На шум и грохот из комнаты выскочила Катя, подбежала к матери, закричала: «Мамочка!» – стала целовать, обнимать и поднимать Пульсатиллу, будто в одиночку могла осилить тяжесть материнского тела. Вика стояла неподалеку, бледная и холодная, тяжело дыша, сжав зубы и сцепив на груди руки.
– Что ты стоишь? «Скорую» вызывай! – громко заплакала Катя.
Из горла у Вики вырвалось что-то вроде сипа.
– Катька! Ты знай! – исступленно говорила она. – Знай, Катька! Если мама умерла – я тебя никогда не брошу! Никогда-никогда! Сама тебя воспитаю и до ума доведу!
Пульсатилла очнулась. Пошевелила губами и открыла глаза. Катя с щенячьим повизгиванием стала ее целовать. Вика тоже опустилась на колени и принялась поднимать маму. Таня лежала на полу и соображала, действительно ли она слышала последние слова Вики или ей все это показалось. Вид с пола на знакомую с детства кухню был совсем другим. Пульсатилле почудилось, что она лежит на дне какого-то странного колодца.
– Ох, погодите, девочки, не тяните меня. Дайте сначала воды! – Таня сглотнула слюну и глубоко вздохнула несколько раз. Она была жива, руки, ноги и голова остались целы. Пульсатилла вспомнила, что недаром не так давно говорила Нине: «Дети до смерти доведут!»
– Мамочка!
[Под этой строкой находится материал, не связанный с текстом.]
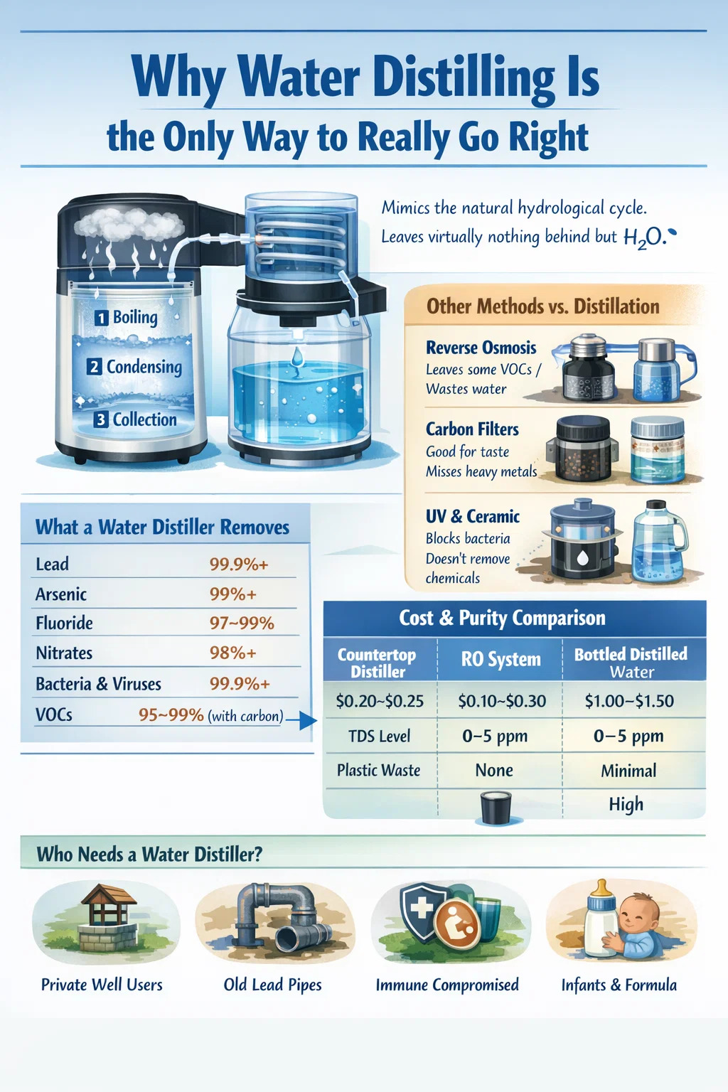 Andra filtreringsmetoder är selektiva. De riktar sig mot vissa föroreningar men låter andra passera. Ett kolfilter tar bort klorsmaken vackert men gör nästan ingenting åt löst bly eller nitrater. Omvänd osmos tar bort ett brett spektrum av föroreningar men kämpar med vissa flyktiga organiska föreningar som avdunstar precis tillsammans med vattenångan under membrantrycket. En vattendestillerare diskriminerar inte. Processen i sig är mekanismen, och fysiken gör inga undantag baserat på föroreningstyp.

Мама! – Катя суетилась возле нее с водой.
– Я сейчас встану, все будет хорошо! – Таня попила воды и постаралась улыбнуться. Правда, головой качать сильно боялась: кто его знает, что там случилось в ее голове? Дочери подняли ее под руки, усадили на табуретку, привалили спиной к стене.
– Мама, вызвать «Скорую»? – Вика, будто ничего не произошло между ними, стояла возле нее с телефоном в руке.
– Не надо, милая. А то еще в больницу заберут, а в школе учителей не хватает, уроки вести некому… – Таня от всех переживаний, страха за себя, за дочерей, стыда, что действительно не очень праведно вела свою жизнь, опустила голову и заревела, как ревела, только когда была девчонкой. Она же хотела как лучше! Она думала, что имеет право на собственную жизнь! А дочки, оказывается, все подмечали, но понимали по-своему. И Таня плакала от невозможности ничего исправить: что сделано – не воротишь, а доказать, что все это сделано без дурного умысла, а наоборот, с надеждой на хороший исход, по-видимому, уже было нельзя. Пульсатилла плакала оттого, что вдруг почувствовала себя больной и старой.
– Не надо, мамочка, не плачь! – Катя рядом с ней тоже заливалась слезами.
– Все прошло! Жизнь прошла! – Пульсатилла еще поплакала немного, а потом, в точности так же как Вика час назад, вытерла ладонями слезы и жалобным голосом попросила девочек: – Я хочу лечь. Постелите мне на моем диване!
– Может, лекарство дать? Валидол? Корвалол? – Голос у Вики теперь был спокойный, но лицо испуганное, бледное.
– Не надо лекарств! – Таня хотела добавить, что лучшее лекарство – понимание между людьми, но не стала этого говорить. И так уже довоспитывалась, что чуть не умерла.
Ловкие Катины руки взметнули вверх чистую простыню, взбили и уложили подушки, сверху раскинули одеяло.
– Ложись, мамочка!
Пульсатилла осторожно разделась, стараясь не делать резких движений, вползла на диван.
– Можно я лягу с тобой? – У Кати сделались такие испуганные глаза, что отказать ей было невозможно, хотя Таня предпочла бы остаться одной. Ей хотелось поразмышлять, погоревать втихомолку о своей жизни. Вырастет Вика, поймет, как недолог и труден бабий век. Но Катя – еще ребенок – быстро скинула с себя одежду, влезла в ночную сорочку, нырнула к матери под одеяло, обняла ее. «Эта – как котенок, – подумала Пульсатилла. – Просит еды, тепла и ласки! И пока еще счастлива. Сколько ее еще надо растить! Старшая – та другая! Понять бы, что хочет Вика! Понять бы и дать! На, возьми! Пользуйся! Но как ты поймешь ее, если она – как сундук, окованный железом и закрытый на три замка?»
Пульсатилла закрыла глаза.
– Мамочка, ты спишь? – беспокойно шепнула ей в ухо Катя.